You are implementing the formula incorrectly, and who taught you
how to calculate percentage error? Generally its like this

Percentage error = ((absolute value(Actual - approx))/Actual) * 100

That should set you off in the correct direction. Look at the
trapezoidal formula again.
• 05-08-2006
Tarento
Yeah, it ain't working. My teacher insists the integral is correct, but I don't believe him. :( The integral looks correct, but maybe I'm not seeing something?
• 05-08-2006
Richie T
I could write code that did this correctly and explain it to you,
but you wouldn't benefit as much from that as what I'm about to
suggest - I googled for "trapezoidal rule" and this was the first
link that popped up - it explains each term in the equation.

My advice is to compare the formula to your approach, and if
it is mostly incorrect (i didn't check that it is, but it probably is),
scrap your current implementation and rewrite as close to the
formula as possible - this can be done using a for loop that
iterates for "the number trapezoids" times - a single statement
can evaluate the result for each trapezoid.

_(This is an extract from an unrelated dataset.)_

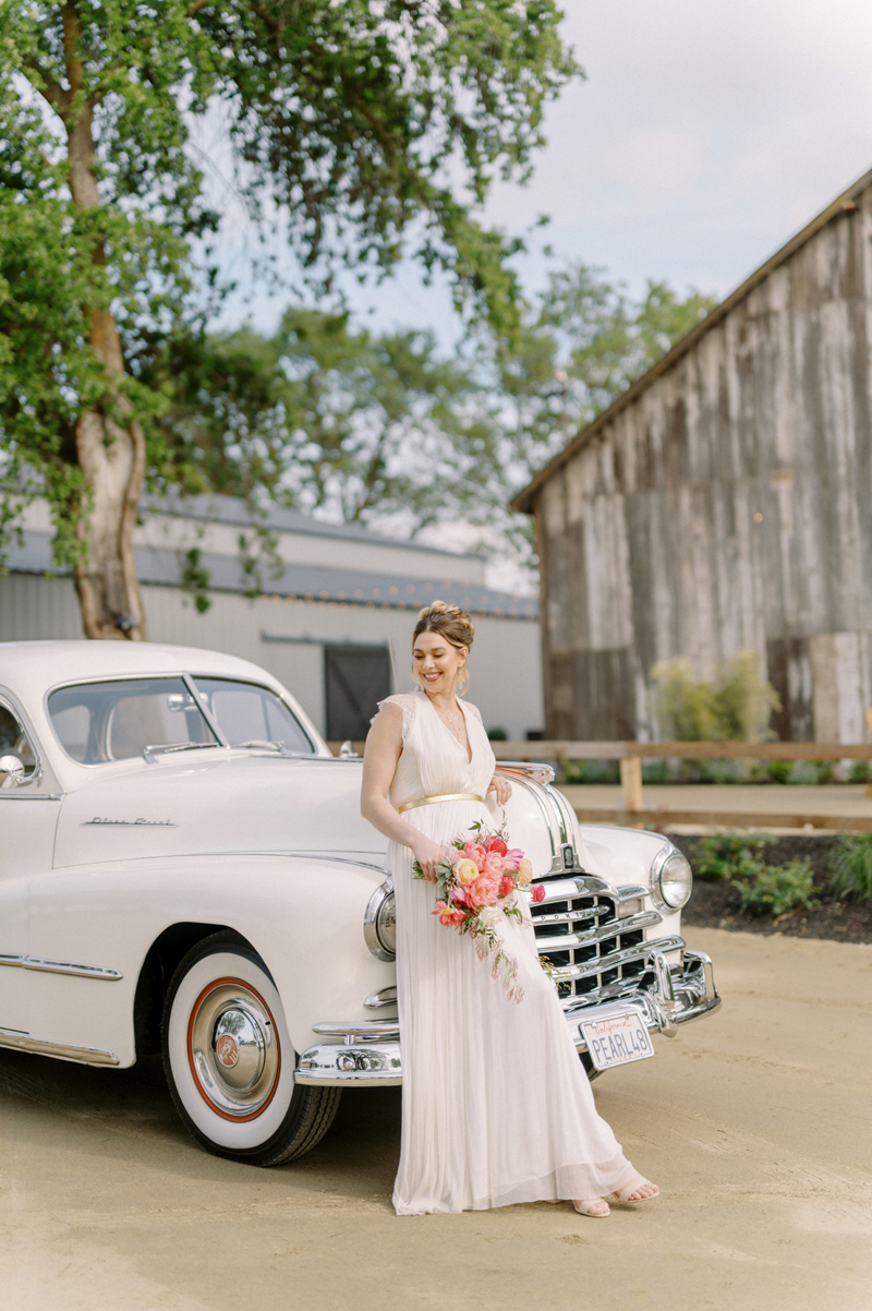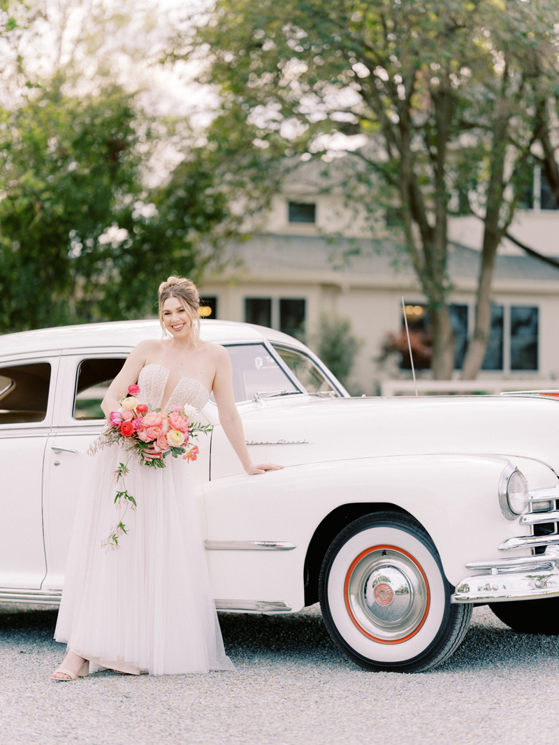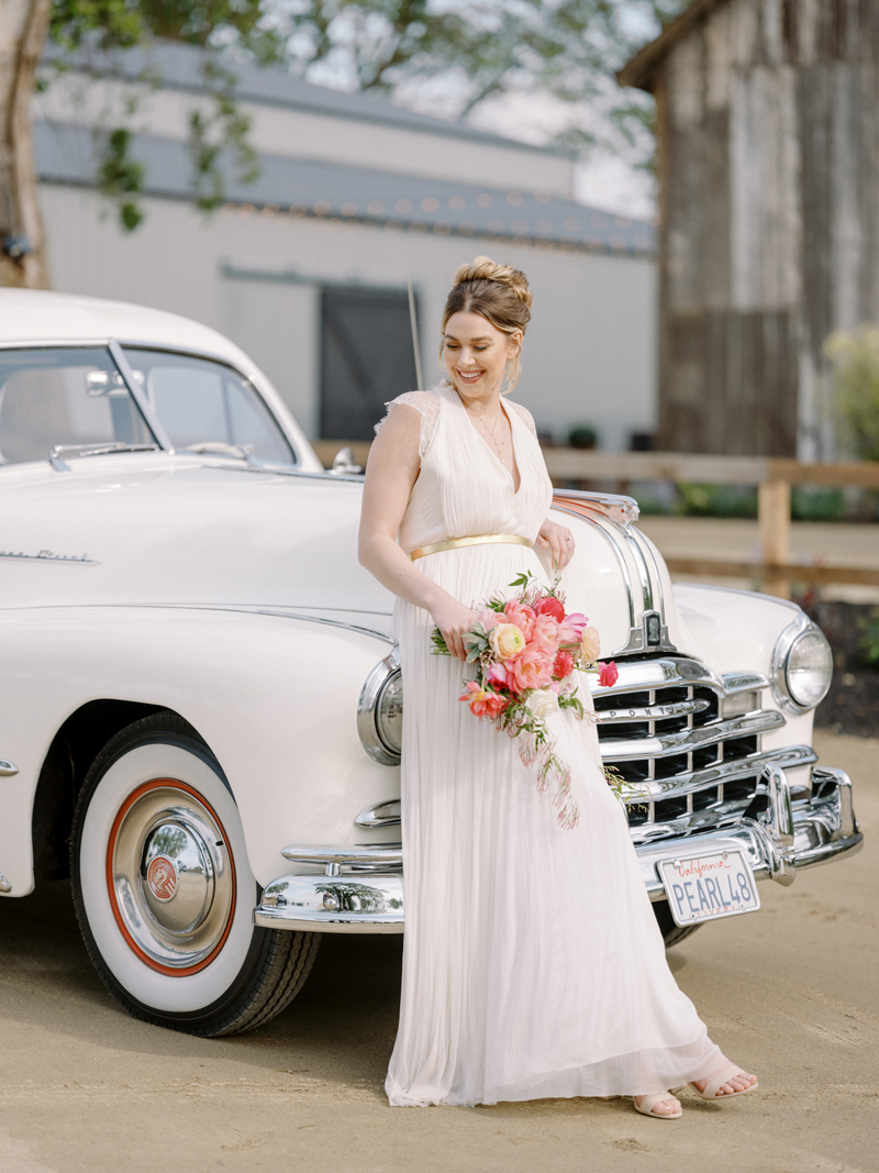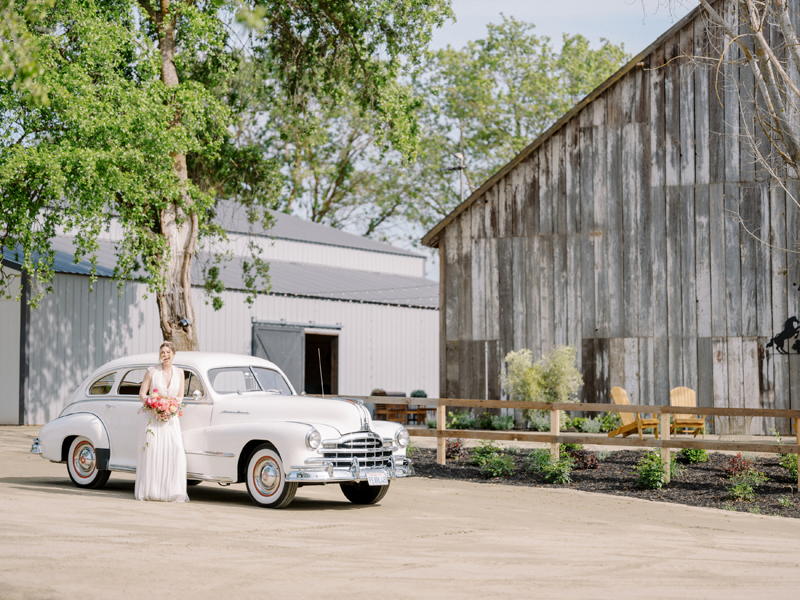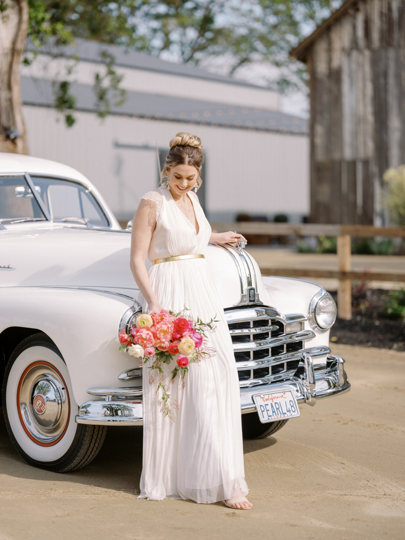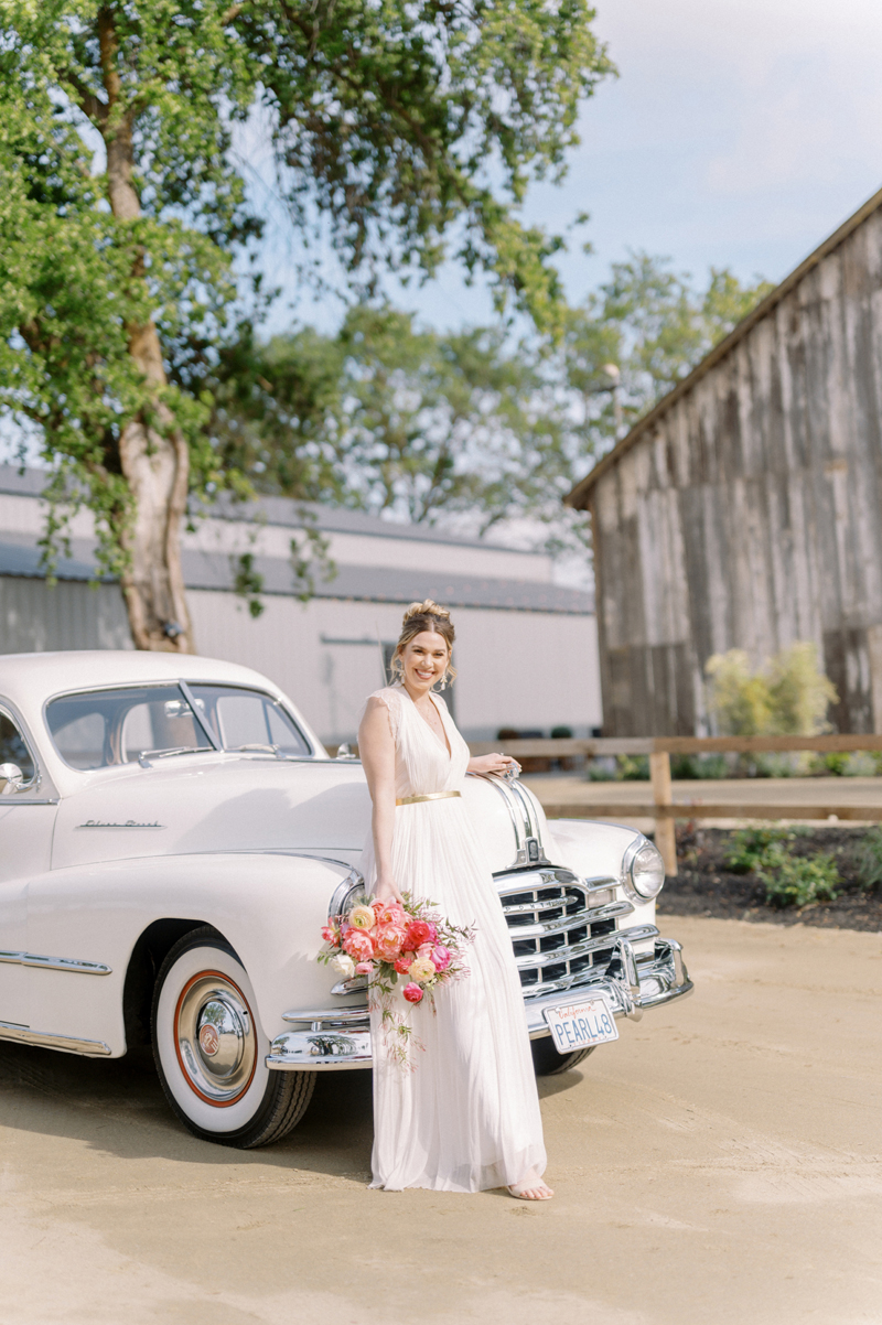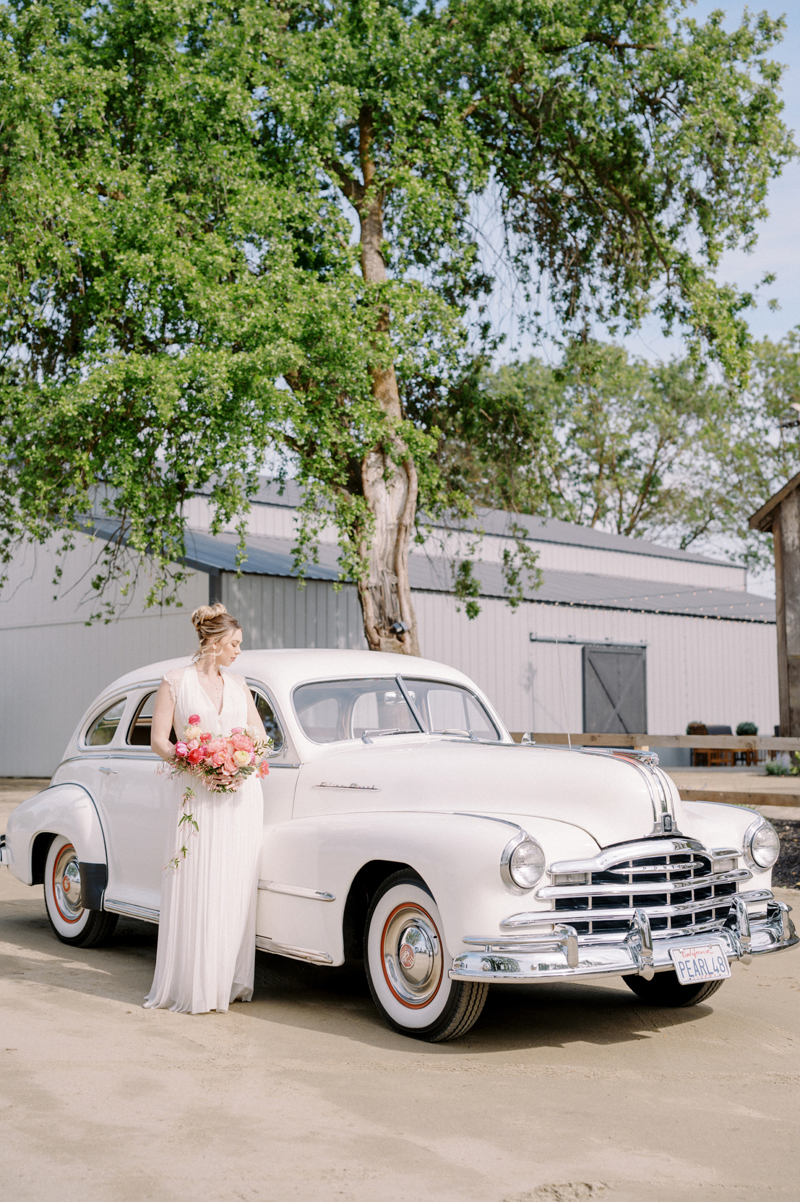 For as long as we can remember, we’ve always wanted to get “Pearl” on one of our shoots, and the stars finally aligned and the beautiful Miss Pearl made her Real Weddings Magazine debut in our “Charmed by Love” styled shoot in the current Summer/Fall 2022 issue! This vintage 1948 Pontiac Silver Streak was lovingly (and painstakingly) restored and is now available for weddings and special events through Sentimental Journey Vintage Transportation! Don’t you think Pearl makes a great co-star with our real bride model Lexi in this shoot? Yeah, we think so too, so without further ado, we’re proud to feature this very special “Pearl Sighting!“

Use sensible variable
names and the implementation should be easier to write.
• 05-09-2006
Salem
So start learning how to debug your own code.
Code:

```                for(k=0; k<n1; k++)                 {                         x = (double)k * (3./n_trap);                         f = sinh(x);                         sum += f;                         printf( "Loop %f: x=%f, f=%f, sum=%f\n", k, x, f, sum );                 }```
Does this output look OK, compared to what you worked out by hand?
If it does, move on to your next calculations.

Why is 'k' a floating point number, when used as a loop variable?